- RECORDS PROVIDED:

= = =

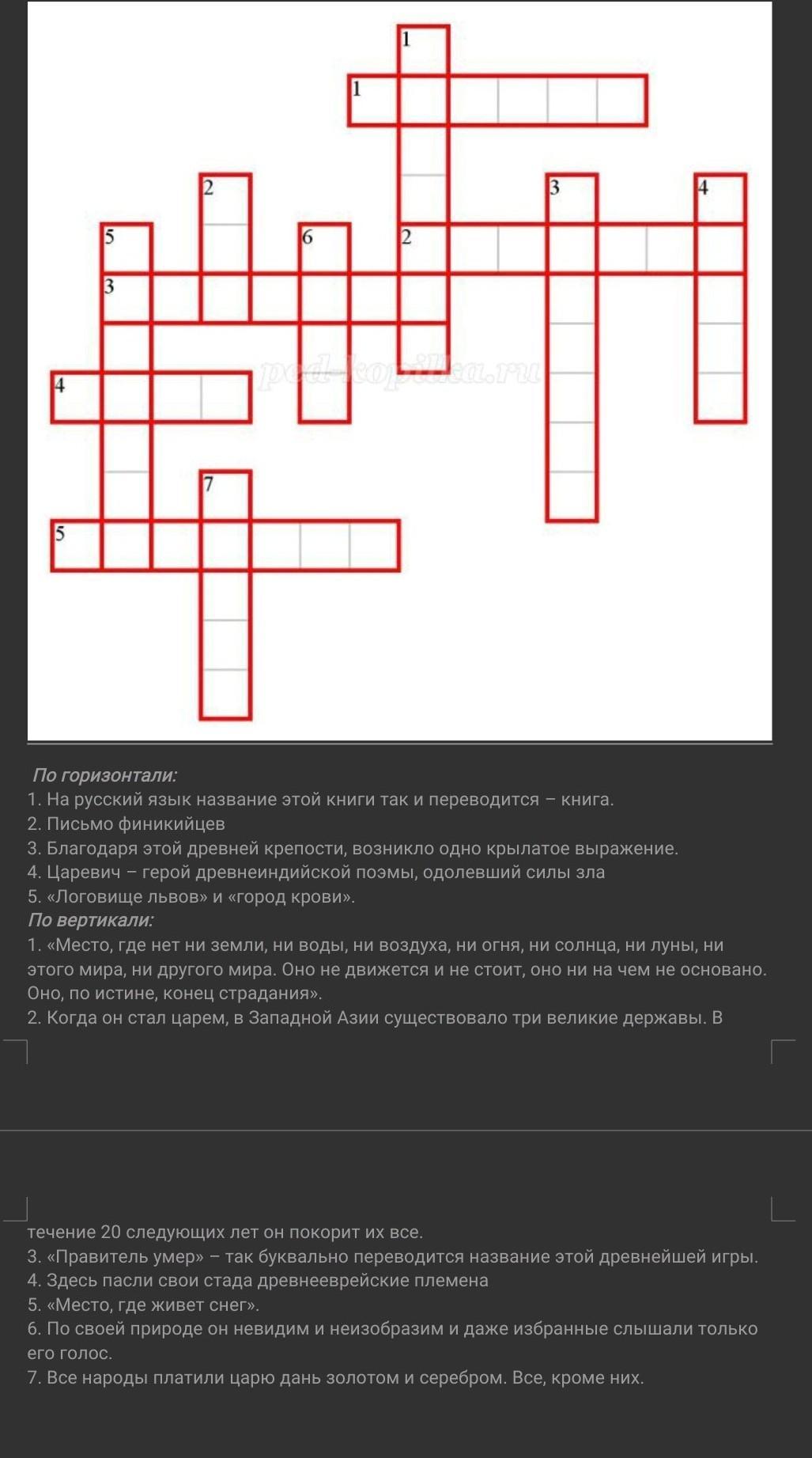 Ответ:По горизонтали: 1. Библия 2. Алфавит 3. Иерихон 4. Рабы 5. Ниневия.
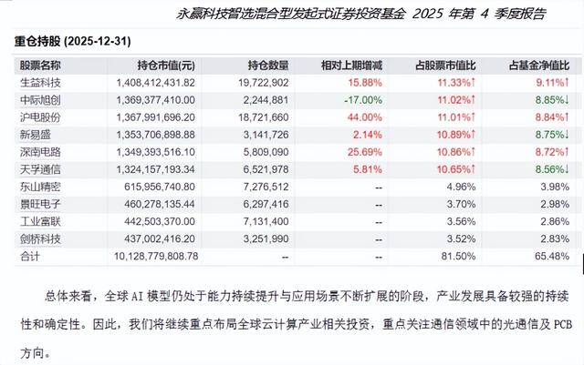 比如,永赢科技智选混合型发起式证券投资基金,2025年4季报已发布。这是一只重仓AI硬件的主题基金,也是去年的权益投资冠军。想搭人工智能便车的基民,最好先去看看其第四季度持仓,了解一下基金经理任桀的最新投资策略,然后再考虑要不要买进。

= = =

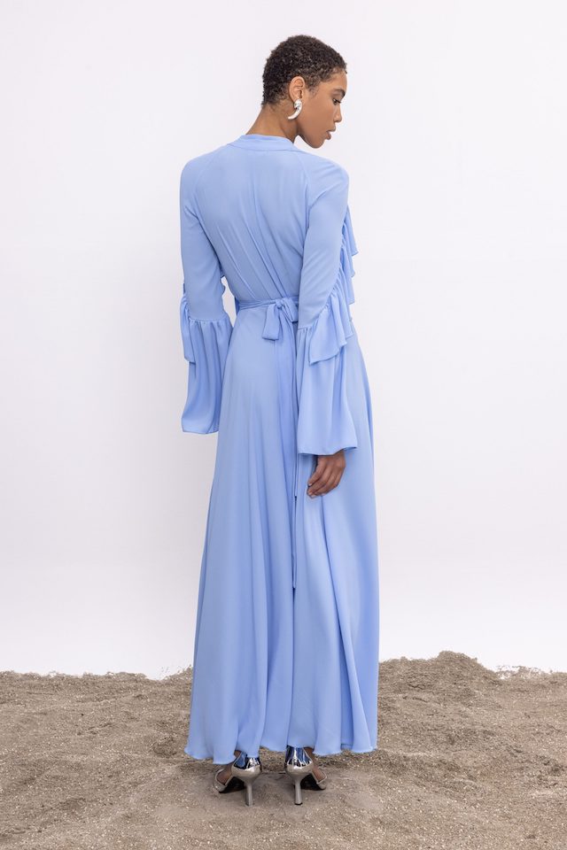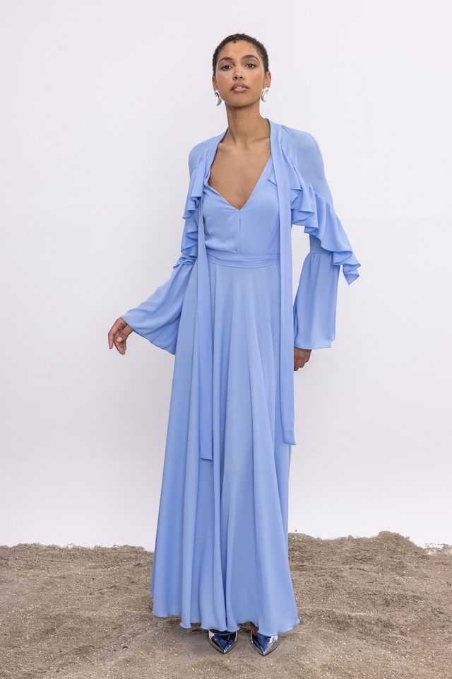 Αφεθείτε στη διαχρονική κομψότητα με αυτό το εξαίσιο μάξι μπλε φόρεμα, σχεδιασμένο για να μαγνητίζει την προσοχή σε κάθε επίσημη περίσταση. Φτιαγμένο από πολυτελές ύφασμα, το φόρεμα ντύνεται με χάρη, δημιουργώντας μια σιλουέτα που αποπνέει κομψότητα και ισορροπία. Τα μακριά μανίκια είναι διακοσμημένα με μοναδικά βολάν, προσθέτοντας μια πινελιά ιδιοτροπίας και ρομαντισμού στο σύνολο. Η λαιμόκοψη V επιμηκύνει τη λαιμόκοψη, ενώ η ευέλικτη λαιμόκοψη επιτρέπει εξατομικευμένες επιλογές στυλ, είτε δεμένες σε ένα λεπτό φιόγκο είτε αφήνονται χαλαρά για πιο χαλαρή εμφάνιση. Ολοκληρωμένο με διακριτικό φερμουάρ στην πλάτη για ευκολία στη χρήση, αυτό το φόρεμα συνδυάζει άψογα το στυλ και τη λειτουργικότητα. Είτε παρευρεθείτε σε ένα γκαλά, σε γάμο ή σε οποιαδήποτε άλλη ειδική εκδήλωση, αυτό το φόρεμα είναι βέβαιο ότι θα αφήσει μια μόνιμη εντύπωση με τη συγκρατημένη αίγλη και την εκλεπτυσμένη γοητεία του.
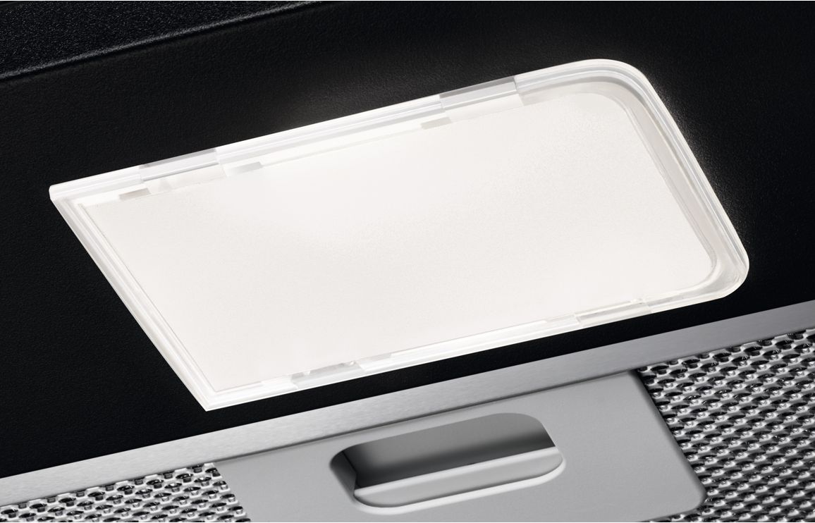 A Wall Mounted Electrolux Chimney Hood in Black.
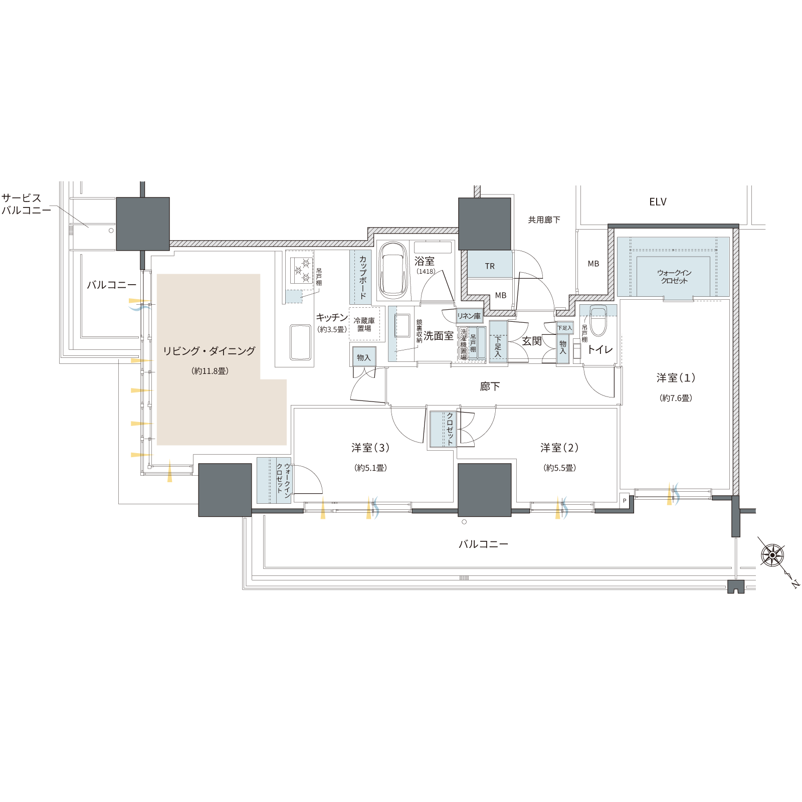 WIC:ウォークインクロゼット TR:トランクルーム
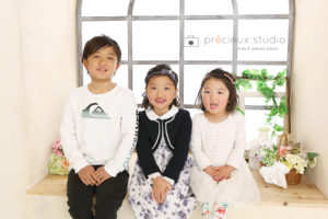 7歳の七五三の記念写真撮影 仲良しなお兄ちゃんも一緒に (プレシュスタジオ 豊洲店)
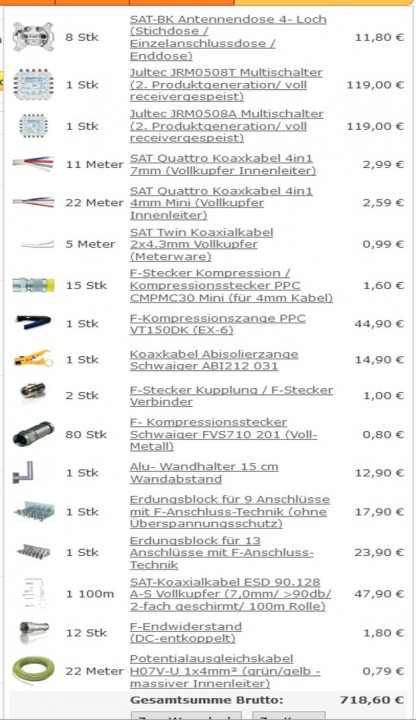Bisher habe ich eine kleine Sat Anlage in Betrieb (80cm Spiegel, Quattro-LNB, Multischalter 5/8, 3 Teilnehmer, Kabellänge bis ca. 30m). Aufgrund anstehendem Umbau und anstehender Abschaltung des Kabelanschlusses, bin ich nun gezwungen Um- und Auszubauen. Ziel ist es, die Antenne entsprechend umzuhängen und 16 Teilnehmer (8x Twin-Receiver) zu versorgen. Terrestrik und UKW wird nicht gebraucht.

= = =

Set the pictures aside and transcribe exactly the stretch of lines above, beginning with the one holding "Αφεθείτε στη διαχρονική" and ending with the one holding "7歳の七五三の記念写真撮影 仲良しなお兄ちゃんも一緒に (プレシュスタジオ 豊洲店)".

 Αφεθείτε στη διαχρονική κομψότητα με αυτό το εξαίσιο μάξι μπλε φόρεμα, σχεδιασμένο για να μαγνητίζει την προσοχή σε κάθε επίσημη περίσταση. Φτιαγμένο από πολυτελές ύφασμα, το φόρεμα ντύνεται με χάρη, δημιουργώντας μια σιλουέτα που αποπνέει κομψότητα και ισορροπία. Τα μακριά μανίκια είναι διακοσμημένα με μοναδικά βολάν, προσθέτοντας μια πινελιά ιδιοτροπίας και ρομαντισμού στο σύνολο. Η λαιμόκοψη V επιμηκύνει τη λαιμόκοψη, ενώ η ευέλικτη λαιμόκοψη επιτρέπει εξατομικευμένες επιλογές στυλ, είτε δεμένες σε ένα λεπτό φιόγκο είτε αφήνονται χαλαρά για πιο χαλαρή εμφάνιση. Ολοκληρωμένο με διακριτικό φερμουάρ στην πλάτη για ευκολία στη χρήση, αυτό το φόρεμα συνδυάζει άψογα το στυλ και τη λειτουργικότητα. Είτε παρευρεθείτε σε ένα γκαλά, σε γάμο ή σε οποιαδήποτε άλλη ειδική εκδήλωση, αυτό το φόρεμα είναι βέβαιο ότι θα αφήσει μια μόνιμη εντύπωση με τη συγκρατημένη αίγλη και την εκλεπτυσμένη γοητεία του.
 A Wall Mounted Electrolux Chimney Hood in Black.
 WIC:ウォークインクロゼット TR:トランクルーム
 7歳の七五三の記念写真撮影 仲良しなお兄ちゃんも一緒に (プレシュスタジオ 豊洲店)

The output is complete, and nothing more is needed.